Russia seizes $50 billion in assets as economy shifts during war in Ukraine, research shows
  • ‘Fortress Russia’ uses host of mechanisms to take major assets
  • Some domestic businesses also face nationalization, report says

MOSCOW: Russian authorities have confiscated assets worth some $50 billion over the past three years, underscoring the scale of the transformation into a “fortress Russia” economic model during the war in Ukraine, research showed on Wednesday.

The conflict has been accompanied by a significant transfer of assets as many Western companies fled the Russian market, others’ assets were expropriated and the assets of some major Russian businesses were seized by the state.

In response to what Russia called illegal actions by the West, President Vladimir Putin signed decrees over the past three years allowing the seizure of Western assets, entangling firms ranging from Germany’s Uniper to Danish brewer Carlsberg.

Besides the Western assets, major domestic companies have changed hands on the basis of different legal mechanisms including the need for strategic resources, corruption claims, alleged privatization violations, or poor management.

Moscow law firm NSP (Nektorov, Saveliev & Partners) said that the scale of what it called the “nationalization” amounted to 3.9 trillion roubles over three years, and it listed the companies involved.

The research was first reported by Kommersant, one of Russia’s leading newspapers, which said it illustrated a “fortress Russia” economic model.

The 1991 break-up of the Soviet Union ushered in hopes that Russia could transform into a free-market economy integrated into the global economy, but vast corruption, economic turmoil and organized crime undermined confidence in democratic capitalism through the 1990s.

Putin, in his first eight years in power, supported economic freedoms, targeted some so-called oligarchs and presided over a significant growth of the economy to $1.8 trillion in 2008 from $200 billion in 1999.

In the 2008-2022 period, the economy grew to $2.3 trillion, though Western sanctions hit it hard after Russia annexed Crimea from Ukraine in 2014, according to figures from the International Monetary Fund.

Though the Russian economy has performed better than expected during the war in Ukraine, its nominal dollar size in 2024 was just $2.2 trillion, according to IMF figures, much smaller than China, the European Union or United States.

‘Fortress Russia’

Russian officials say that the Ukraine war — the biggest confrontation with the West since the depths of the Cold War — has demanded extraordinary measures to prevent what they say was a clear Western attempt to sink the Russian economy.

Putin says the exit of Western firms has allowed domestic producers to take their place and that the Western sanctions have forced domestic business to develop. He has called for a “new development model” distinct from “outdated globalization.”

But the wartime economy, geared toward producing weapons and supporting a long conflict with Ukraine, has put the state — and those officials who operate it — in a much more powerful position than private Russian businesses.

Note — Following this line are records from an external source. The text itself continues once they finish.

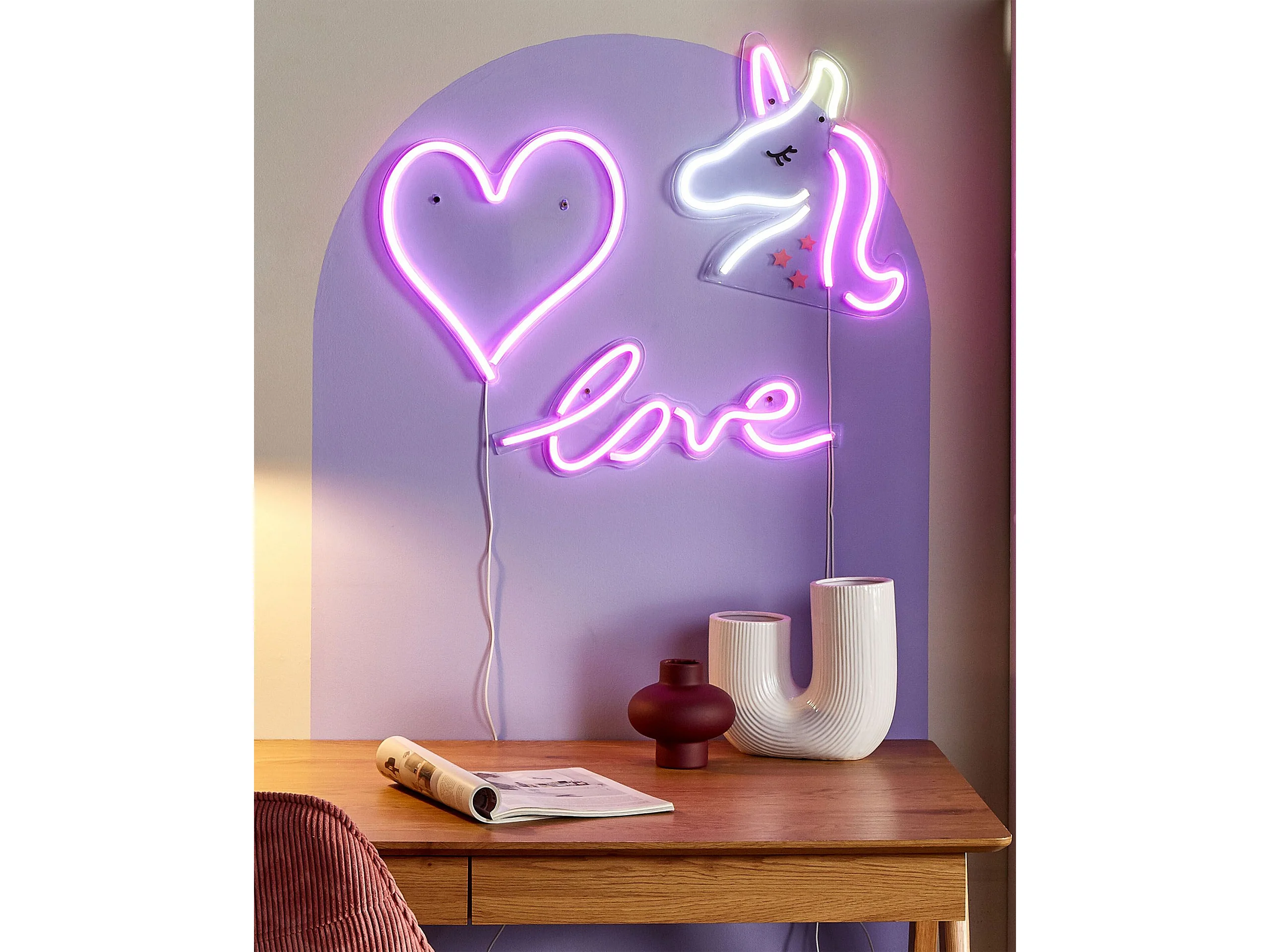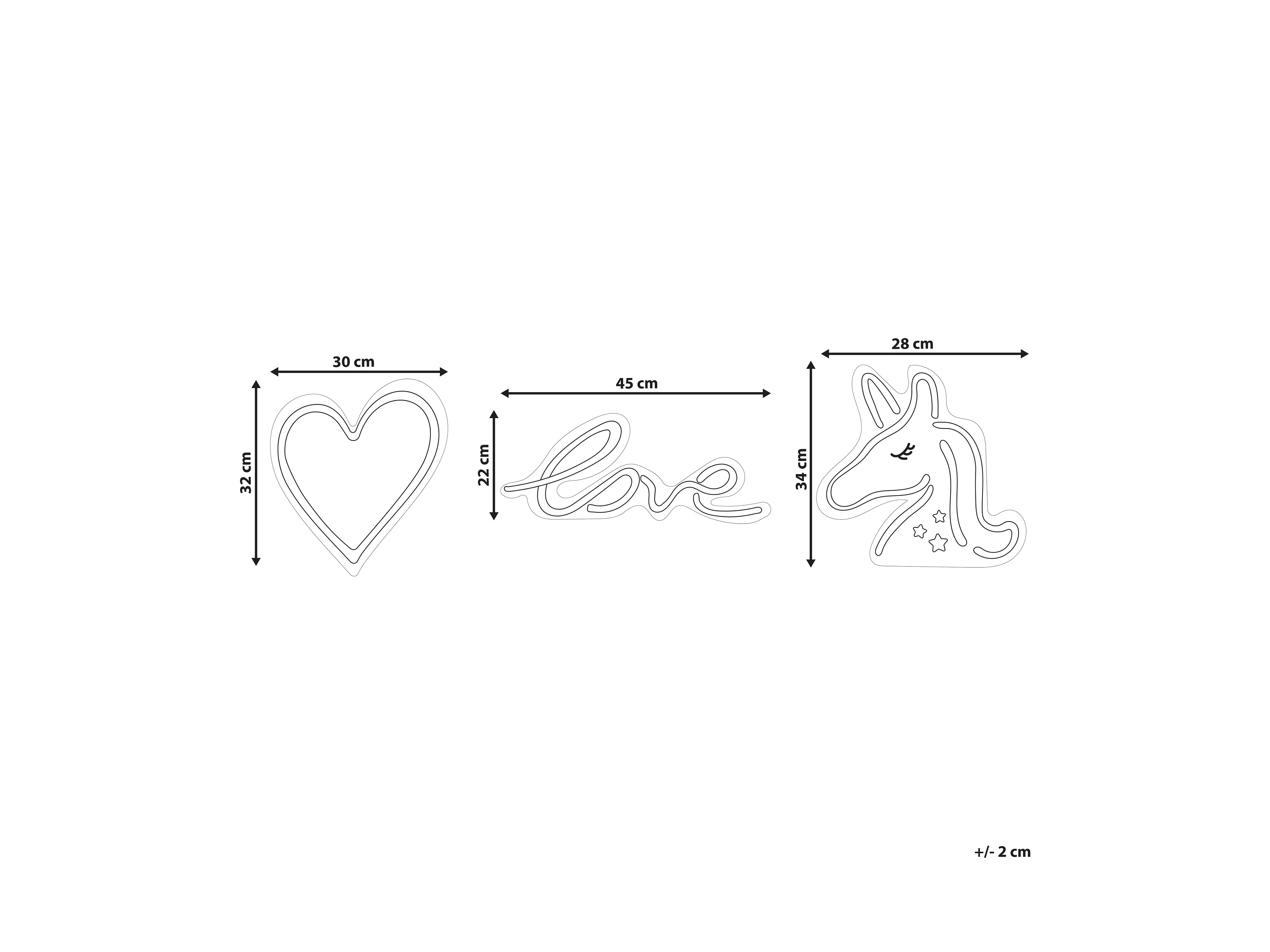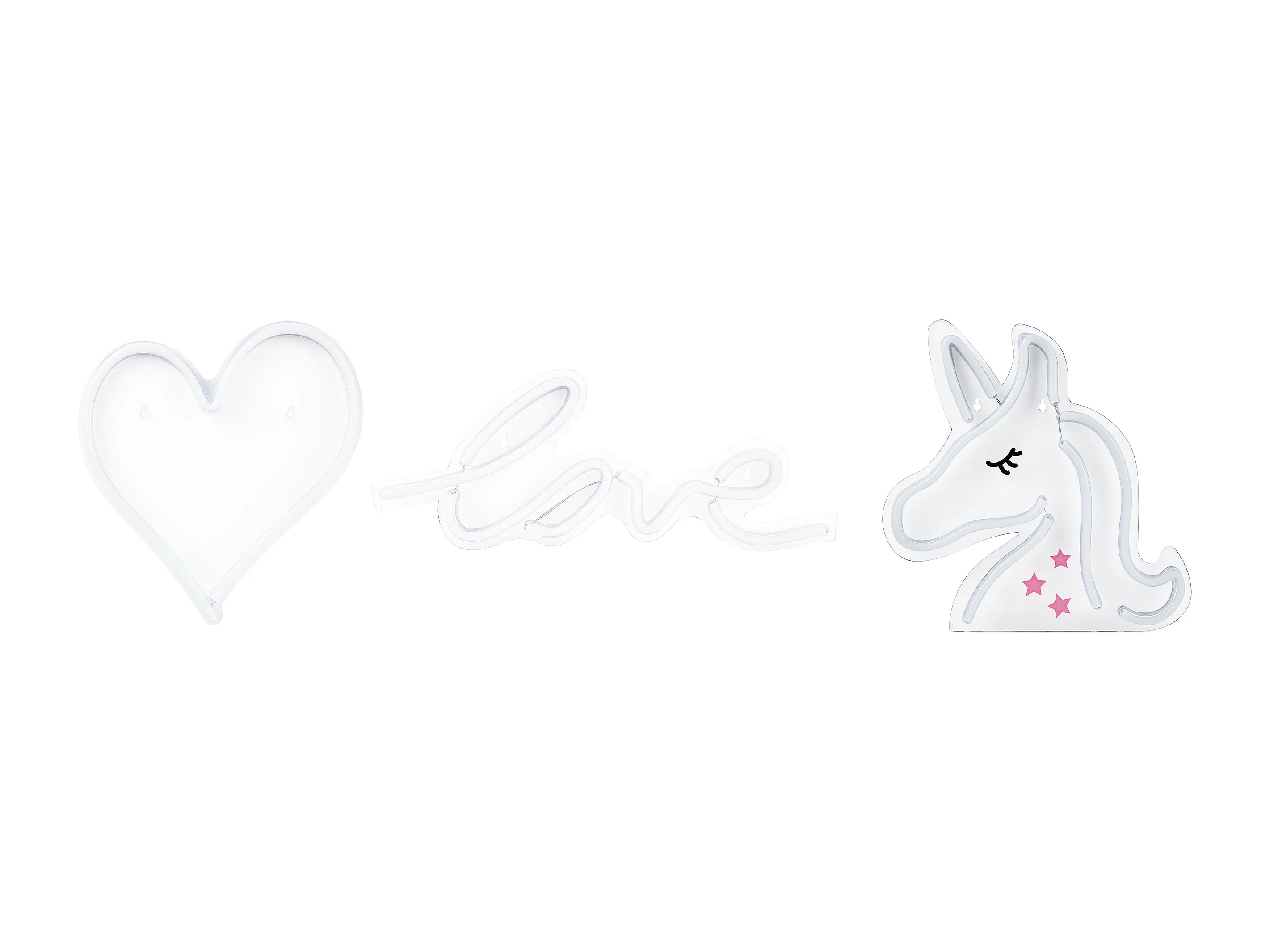 LED Neon Licht Wanddeko 3er Set mit Kabel Herz Einhorn Love Susie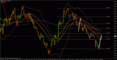 Az ereszkedő, trendelő mozgásba érdemes egy picit beletekinteni, gondolok itt a korrekciók elemzésére. Láthatjuk, (azonos szinekkel jelötem) ahogy az 1. és az 5. (kék), valamint a 2. és a 4. (szürke), illetve 3. és a 6. (fehér) korrekció mértéke pipekben mérve bizony látványosan közel azonos. A jelenlegi, vagy a 6.-ként jelölt korrekció, még bizony nem ért véget, ezért érdemes lesz megnézni a közeli eseményeket miként alakulnak majd.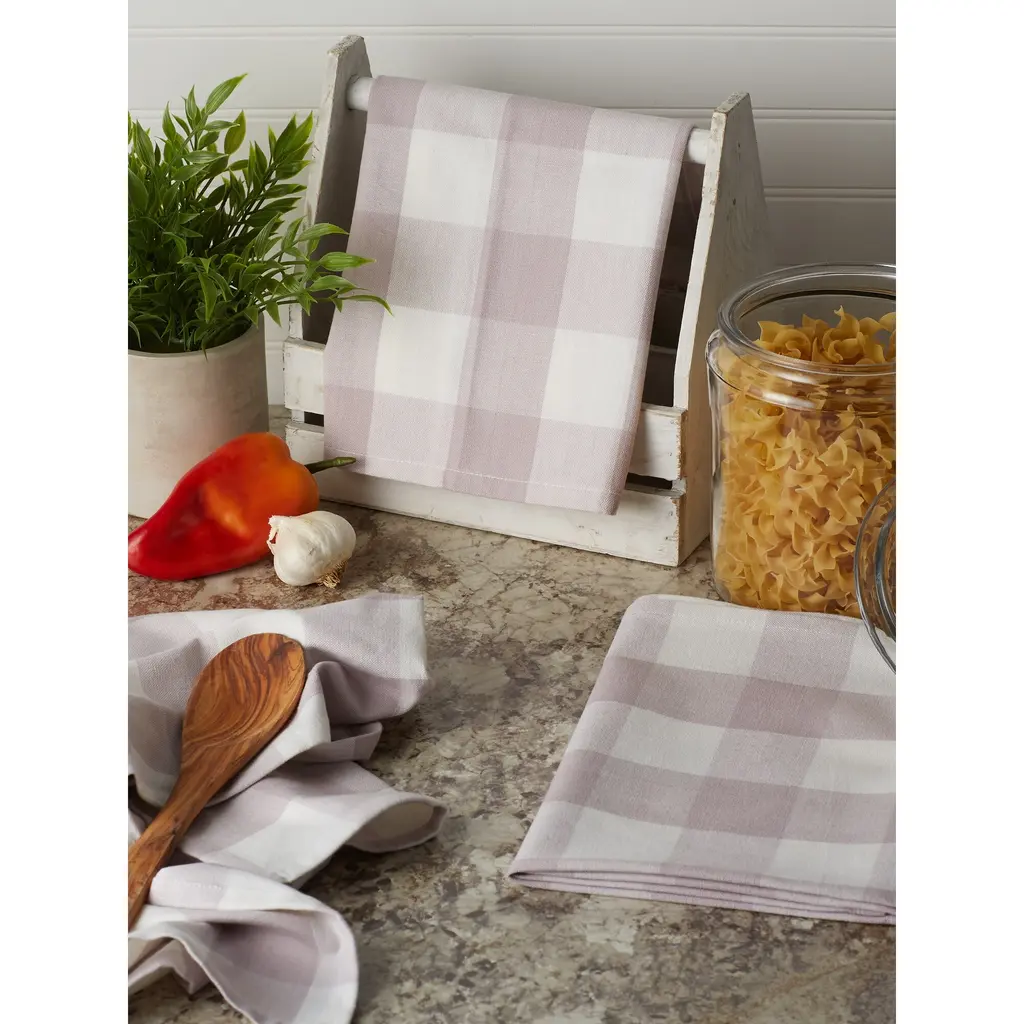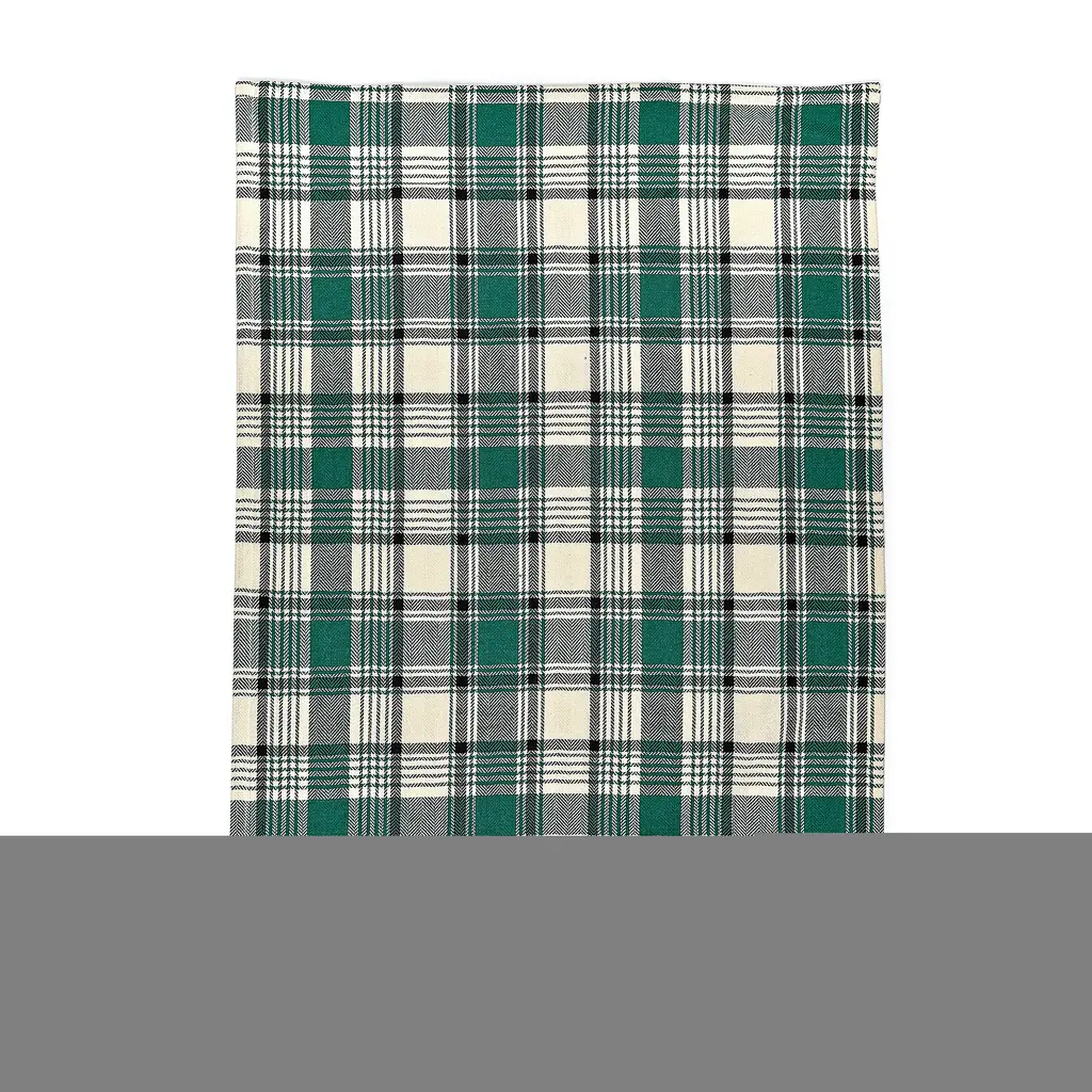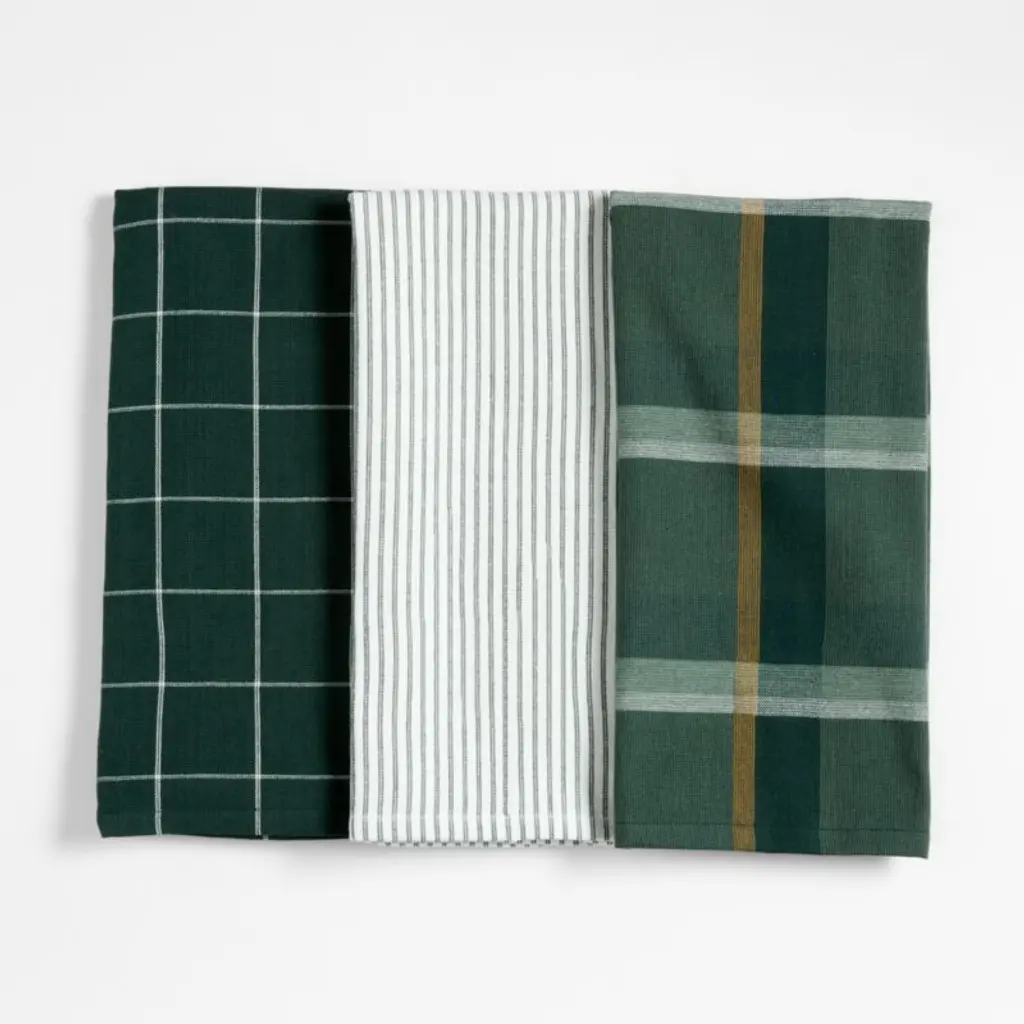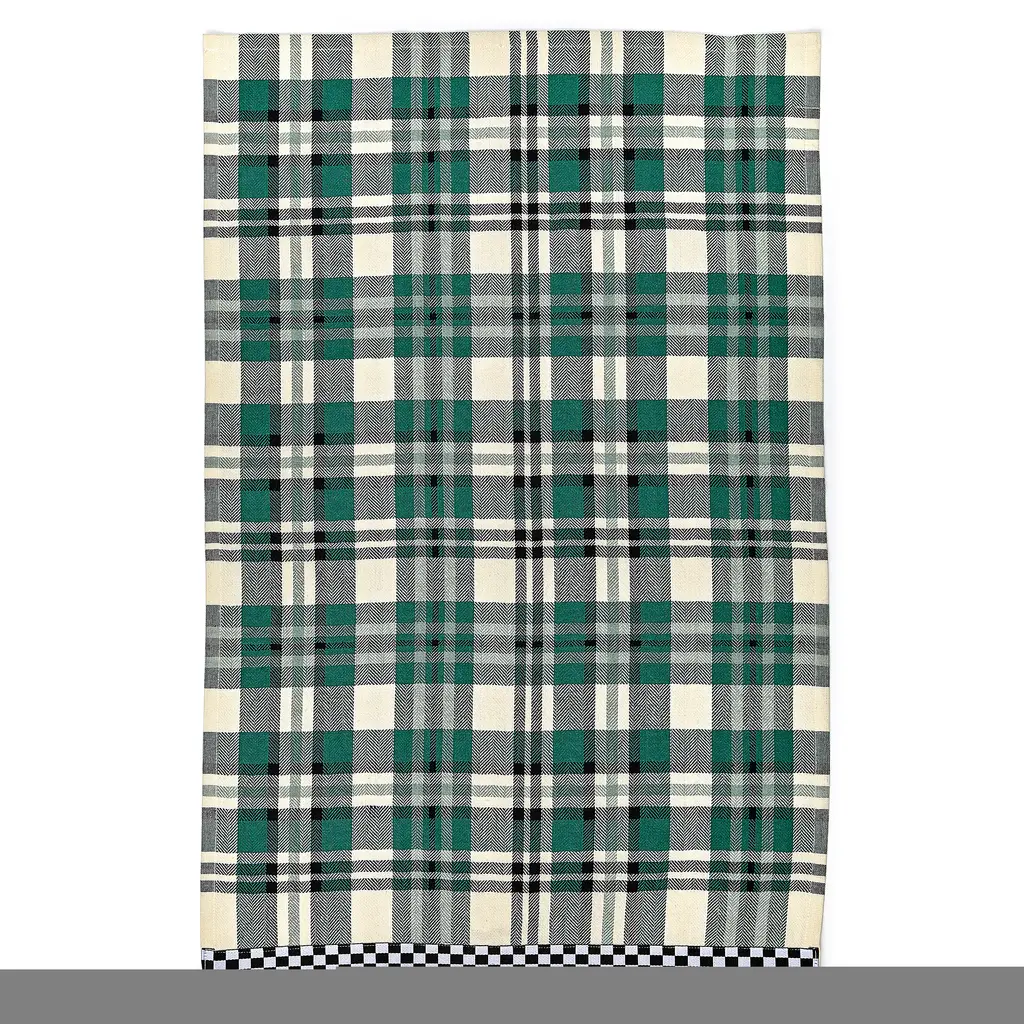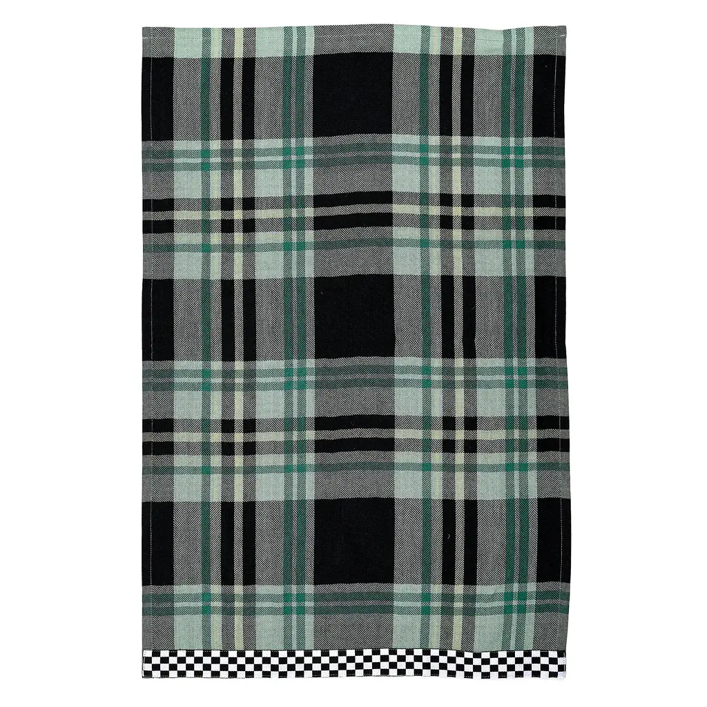Elegant and versatile, this set of three Evergreen Woven Dish Towels features unique tartan patterns of black, grey, white, and green, trimmed with black and white checks.

Russian prosecutors are now seeking to seize billionaire Konstantin Strukov’s majority stake in major gold producer Uzhuralzoloto (UGC) for the state.

More than a thousand companies — from McDonald’s to Mercedes-Benz — have left Russia since the February 2022 start of Russia’s war in Ukraine by selling, handing the keys to existing managers or simply abandoning their assets.

Others had their assets seized and a sale forced through.